**Aim of the task:**
Output, exactly as written, the lines below from the one that has "Border collie, Kwiaty, Pieski" through the one that has "7.0.3 Buy Parker"; nothing else, and no pictures.

**Data provided:**
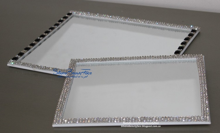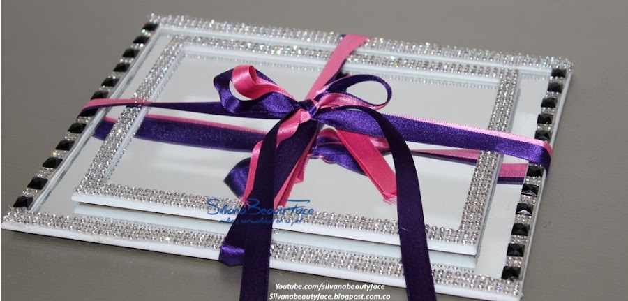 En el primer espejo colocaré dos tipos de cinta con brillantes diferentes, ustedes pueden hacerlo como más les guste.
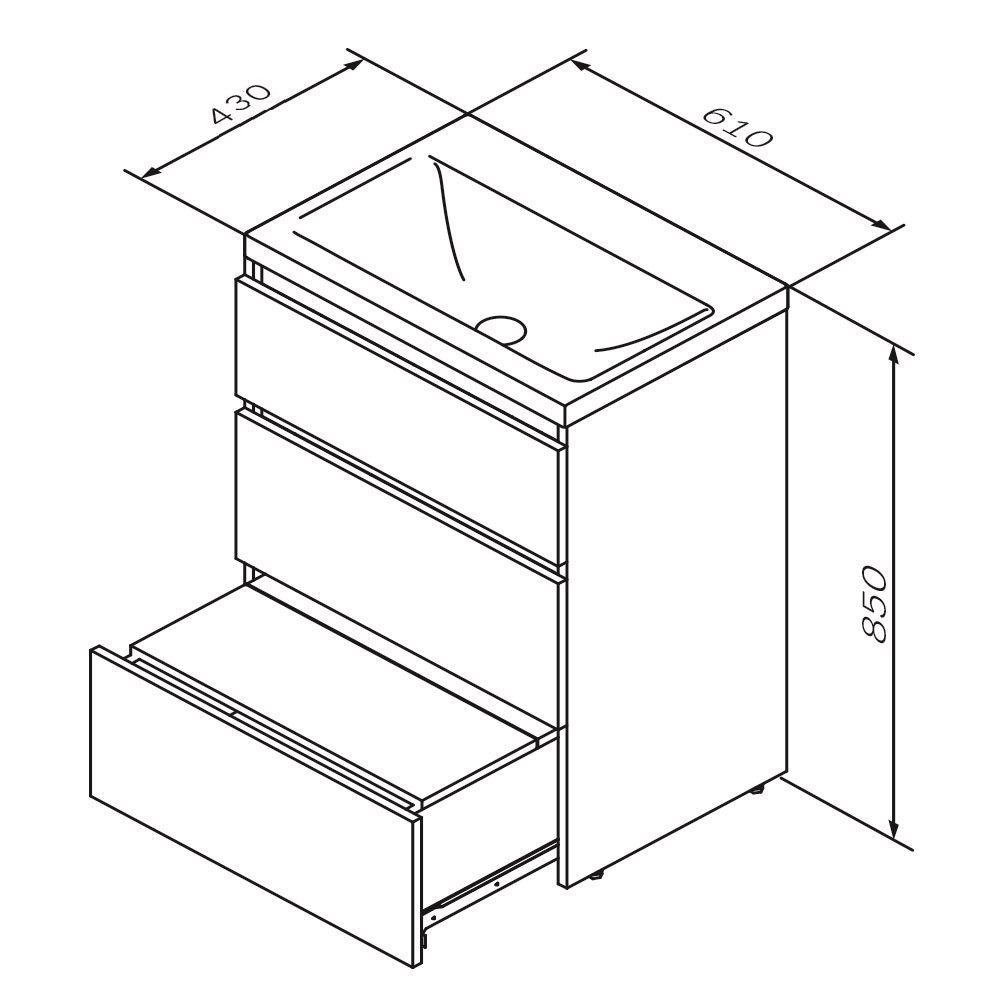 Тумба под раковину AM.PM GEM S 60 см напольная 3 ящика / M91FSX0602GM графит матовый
---
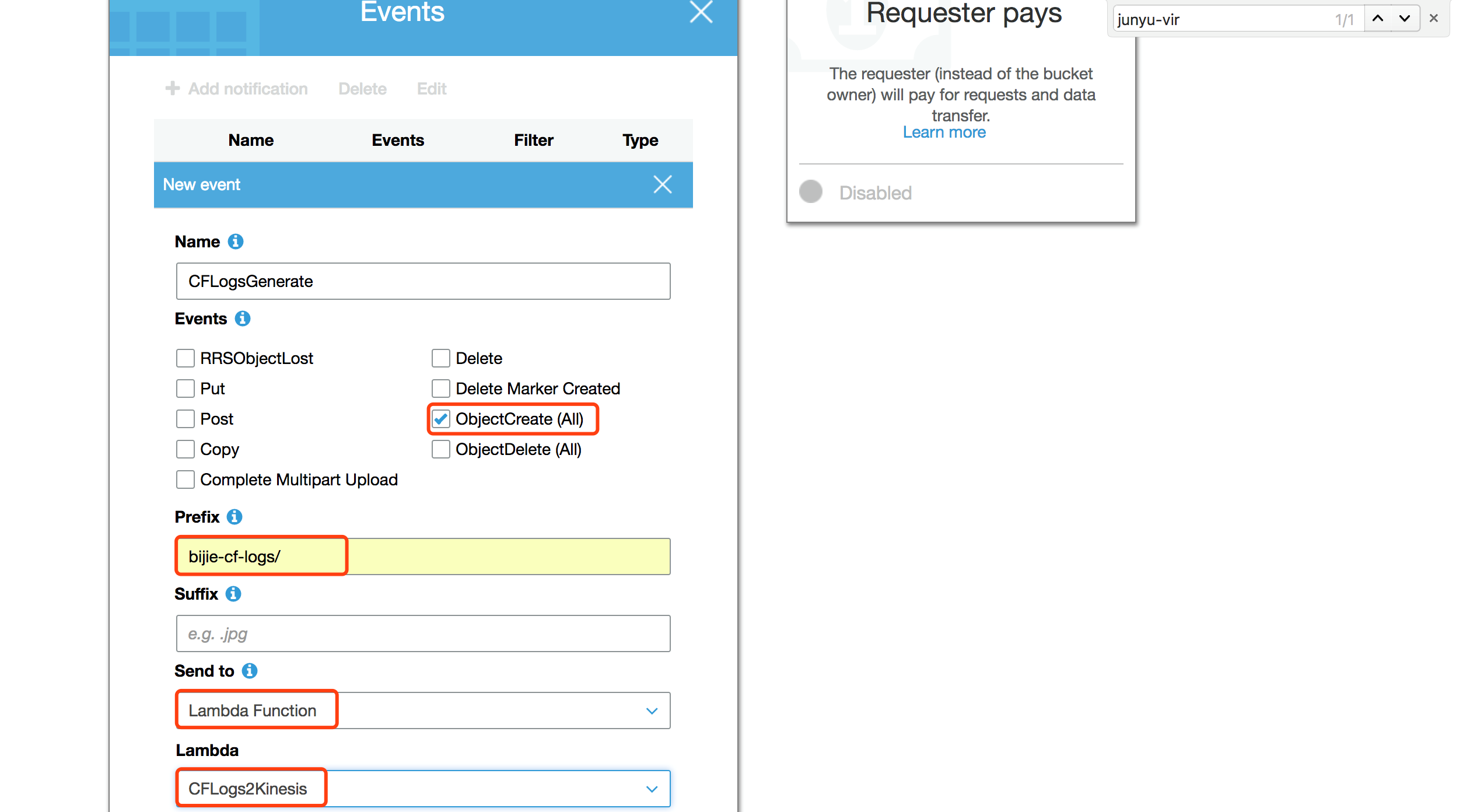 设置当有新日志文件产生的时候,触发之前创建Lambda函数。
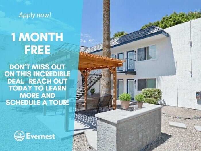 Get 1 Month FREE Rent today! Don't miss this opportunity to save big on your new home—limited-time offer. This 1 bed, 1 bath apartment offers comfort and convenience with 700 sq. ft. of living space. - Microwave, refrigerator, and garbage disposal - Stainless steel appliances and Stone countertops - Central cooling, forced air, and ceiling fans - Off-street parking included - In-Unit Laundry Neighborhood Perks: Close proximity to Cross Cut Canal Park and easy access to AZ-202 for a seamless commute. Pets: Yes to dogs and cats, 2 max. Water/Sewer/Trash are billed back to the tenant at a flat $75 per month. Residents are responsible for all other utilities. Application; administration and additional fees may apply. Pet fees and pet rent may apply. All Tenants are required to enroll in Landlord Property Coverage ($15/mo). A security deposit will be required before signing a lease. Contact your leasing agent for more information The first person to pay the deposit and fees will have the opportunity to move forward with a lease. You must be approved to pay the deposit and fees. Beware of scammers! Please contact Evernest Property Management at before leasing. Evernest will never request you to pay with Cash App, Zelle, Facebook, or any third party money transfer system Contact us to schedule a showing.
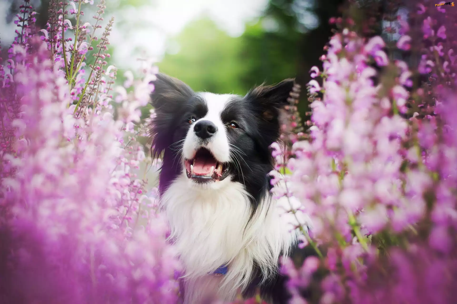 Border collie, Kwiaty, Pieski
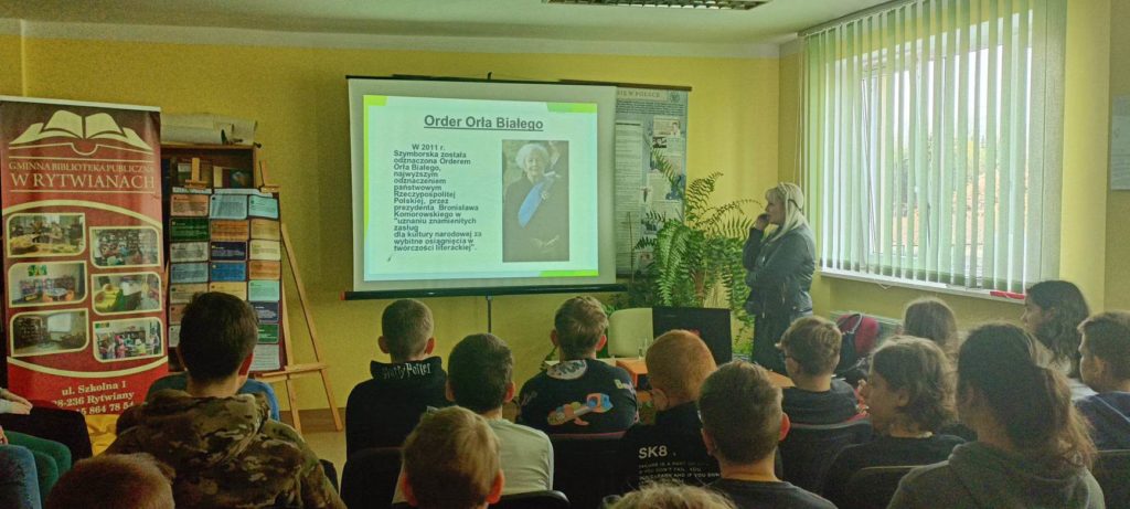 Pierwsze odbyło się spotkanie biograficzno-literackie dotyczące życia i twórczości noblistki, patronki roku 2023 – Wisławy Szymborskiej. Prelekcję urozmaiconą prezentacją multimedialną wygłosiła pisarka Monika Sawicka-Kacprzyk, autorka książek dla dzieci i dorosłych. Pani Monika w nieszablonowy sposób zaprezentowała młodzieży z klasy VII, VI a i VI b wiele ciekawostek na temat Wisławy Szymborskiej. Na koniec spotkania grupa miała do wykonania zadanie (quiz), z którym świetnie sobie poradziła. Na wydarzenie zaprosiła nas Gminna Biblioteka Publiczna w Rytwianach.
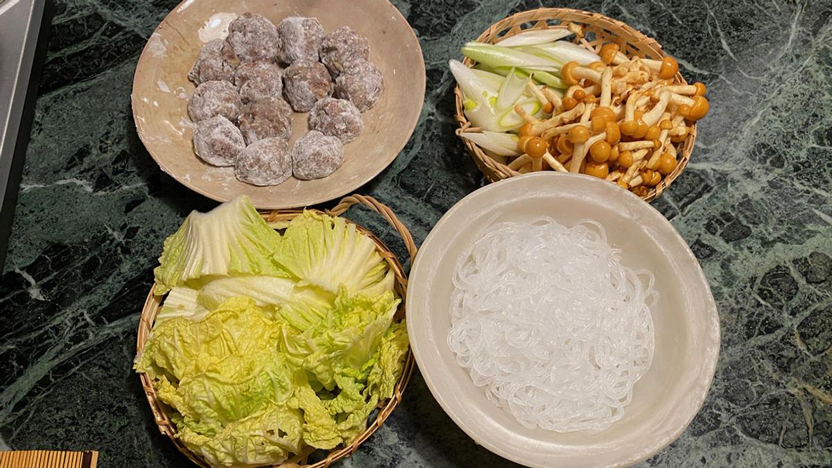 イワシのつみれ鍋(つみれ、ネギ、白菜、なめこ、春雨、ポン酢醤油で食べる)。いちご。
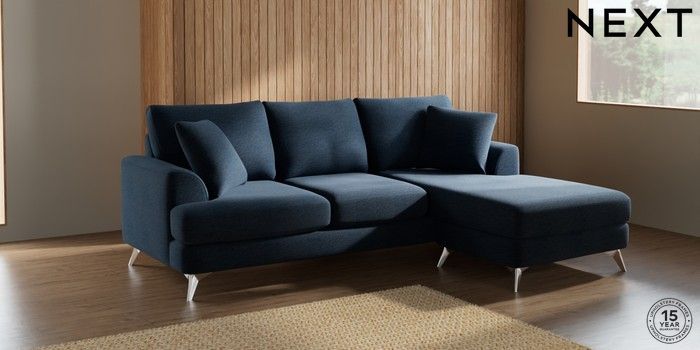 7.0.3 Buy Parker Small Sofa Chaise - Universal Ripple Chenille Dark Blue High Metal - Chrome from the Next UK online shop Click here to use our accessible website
---
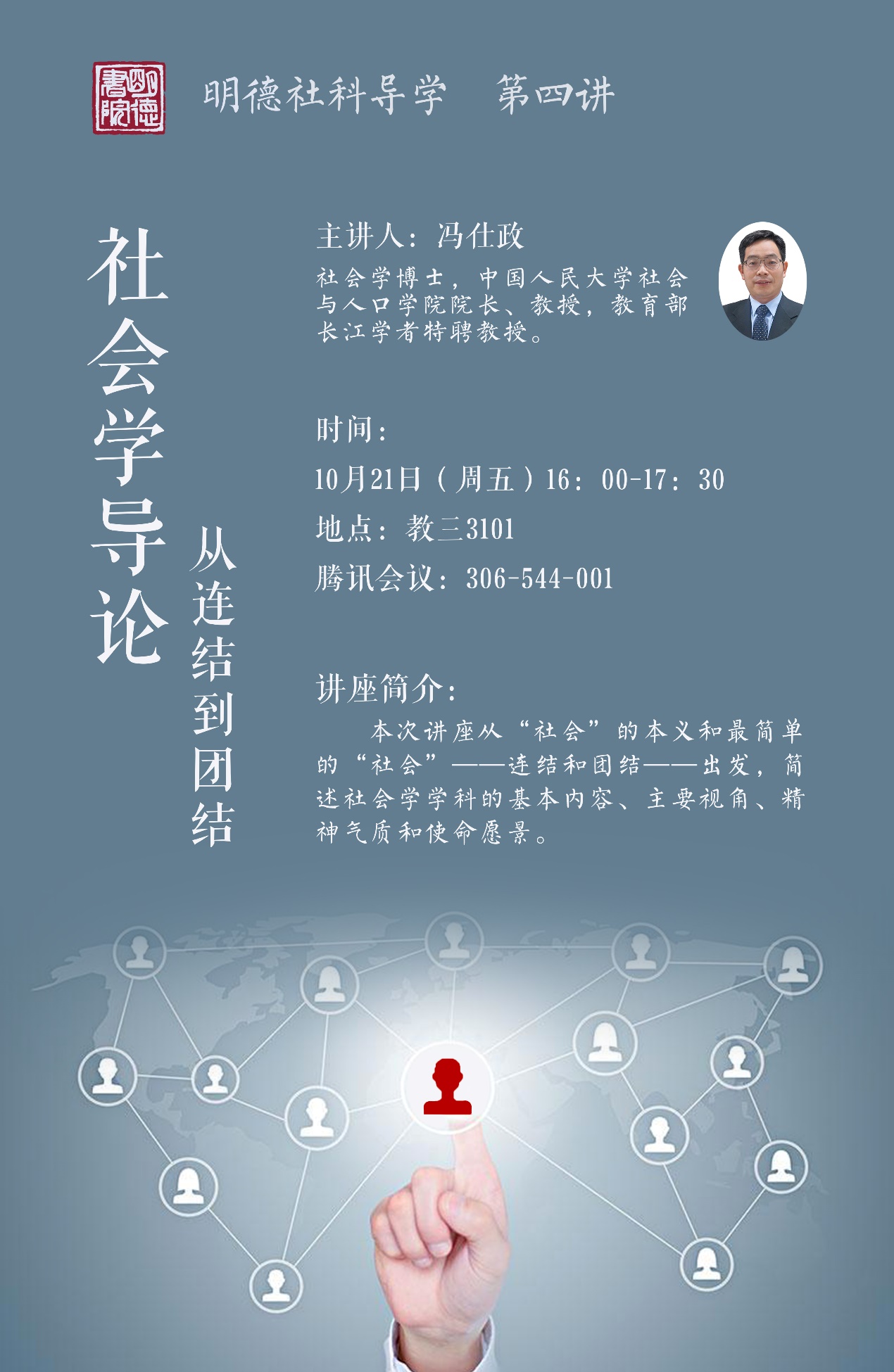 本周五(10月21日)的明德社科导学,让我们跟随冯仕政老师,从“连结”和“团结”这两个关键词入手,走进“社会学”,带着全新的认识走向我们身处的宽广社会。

**Written solution:**
 Border collie, Kwiaty, Pieski
 Pierwsze odbyło się spotkanie biograficzno-literackie dotyczące życia i twórczości noblistki, patronki roku 2023 – Wisławy Szymborskiej. Prelekcję urozmaiconą prezentacją multimedialną wygłosiła pisarka Monika Sawicka-Kacprzyk, autorka książek dla dzieci i dorosłych. Pani Monika w nieszablonowy sposób zaprezentowała młodzieży z klasy VII, VI a i VI b wiele ciekawostek na temat Wisławy Szymborskiej. Na koniec spotkania grupa miała do wykonania zadanie (quiz), z którym świetnie sobie poradziła. Na wydarzenie zaprosiła nas Gminna Biblioteka Publiczna w Rytwianach.
 イワシのつみれ鍋(つみれ、ネギ、白菜、なめこ、春雨、ポン酢醤油で食べる)。いちご。
 7.0.3 Buy Parker Small Sofa Chaise - Universal Ripple Chenille Dark Blue High Metal - Chrome from the Next UK online shop Click here to use our accessible website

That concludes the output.